Problem. Given an n × n matrix isConnected where isConnected[i][j] == 1 means city i and city j are directly connected, return the number of provinces — groups of cities connected directly or transitively. This is a connected-components count, the textbook union-find application.
Brute force — DFS/BFS flood fill, O(n²) time
Iterate over unvisited cities; from each, DFS across the adjacency matrix marking everything reachable, incrementing a province counter per new flood. Perfectly valid and O(n²) since the matrix has n² entries. Union-find is the more composable answer and the one this topic is about.

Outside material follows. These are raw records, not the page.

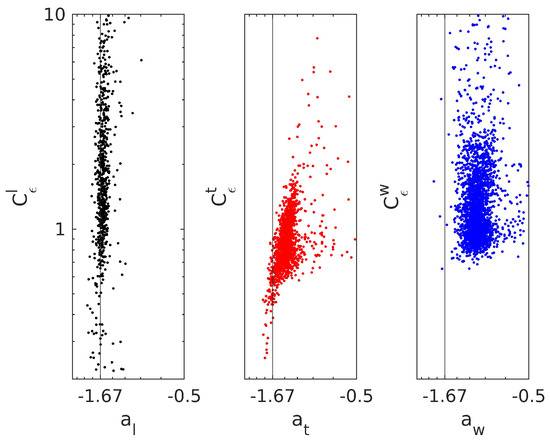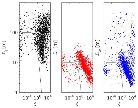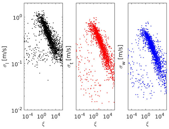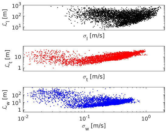 The integral length scales , and as functions of the corresponding standard deviations of the longitudinal , transverse (cross-stream) and vertical velocity components are presented in Figure 2. As can be seen, and are much larger than the corresponding statistics of the horizontal transverse and vertical components, which indicates that the flow is still strongly anisotropic at m. Apart from the surface vicinity, the anisotropy could be caused by the presence of submeso motions, which affect mostly the horizontal components [21]. The scatter of the results is also much larger for the longitudinal component. This is to be expected, as larger length scales require larger averaging windows. On the other hand, when the averaging windows are too large, information on the time variability of the statistics is lost. We chose an averaging window of 20 min as the best compromise. It enables the calculation of the length scales of the transverse and vertical components with satisfactory accuracy.
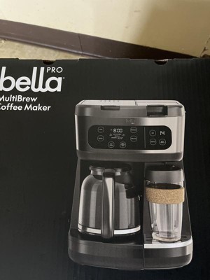 A: Not sure why Bella Customer Service says it does not come with a coffee pot. It does come with a coffee pot. It's in the description and the specifications on this page. It's a 12 cup glass carafe.
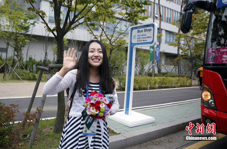Zhou Qi waves goodbye after a day's work in Incheon, Sept. 28, 2014. (Chinanews.com/Tang Yanjun)
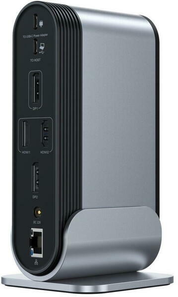 TermékleírásGyártó Baseus Modell CAHUB-HG0G Méretek 80 x 80 x 165 mm Súly 400g Modell CAHUB-HG0G Anyag Alumínium Szín Ezüst PD bemenet 100W DC bemenet 12V/3A 4K HDMI 2x támogatja a 4K @60Hz HD kijelzőt DP 2x támogatja a 4K @60Hz HD kijelzőt RJ45 gigabites hálózati sebesség, vezetékes hálózati kapcsolat USB 3.0 3x 5 Gbps átviteli sebesség, 5V/1.5A töltés támogatása SD/TF a
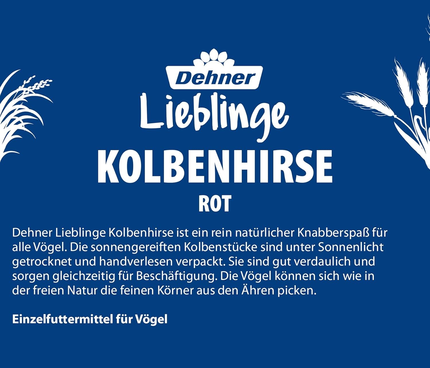 Die Dehner Fuchsschwanzhirse in feinster Qualität ist ideal für alle Sittiche und Exoten, aber auch getreidefressende Nagetiere wie Mäuse oder Ratten nehmen gerne mit der leckeren Ergänzung zu. Eine willkommene Abwechslung, die auch der Beschäftigung der Tiere dient, da sie sich das Futter selbst erarbeiten müssen. Die Fuchsschwanzhirse in 1a-Qualität stammt ausschließlich aus den besten Erzeugerländern und ist ein echtes Naturprodukt. Hängen Sie die Hirse einfach in den Käfig. Wie in der freien Natur picken die Vögel die vitaminreichen Körner aus den Ähren.

Optimal — union-find, O(n² · α(n)) time, O(n) space
Union every connected pair, then count distinct roots. Below is the reusable DSU class used throughout this topic — both optimizations, a live component count, and a connected helper.
class DSU {
int[] parent, rank;
int count; // number of disjoint sets
DSU(int n) {
parent = new int[n];
rank = new int[n];
count = n;
for (int i = 0; i < n; i++) parent[i] = i;
}
int find(int x) { // path compression
if (parent[x] != x) parent[x] = find(parent[x]);
return parent[x];
}
boolean union(int a, int b) { // union by rank
int ra = find(a), rb = find(b);
if (ra == rb) return false; // already in same set
if (rank[ra] < rank[rb]) { int t = ra; ra = rb; rb = t; }
parent[rb] = ra;
if (rank[ra] == rank[rb]) rank[ra]++;
count--; // one fewer set after a merge
return true;
}
boolean connected(int a, int b) { return find(a) == find(b); }
}
public int findCircleNum(int[][] isConnected) {
int n = isConnected.length;
DSU dsu = new DSU(n);
for (int i = 0; i < n; i++)
for (int j = i + 1; j < n; j++) // upper triangle is enough
if (isConnected[i][j] == 1) dsu.union(i, j);
return dsu.count; // distinct sets = provinces
}Maintaining count in the DSU (decrement on every real merge) means the answer is O(1) at the end — no final pass to count roots. We scan only the upper triangle because the matrix is symmetric.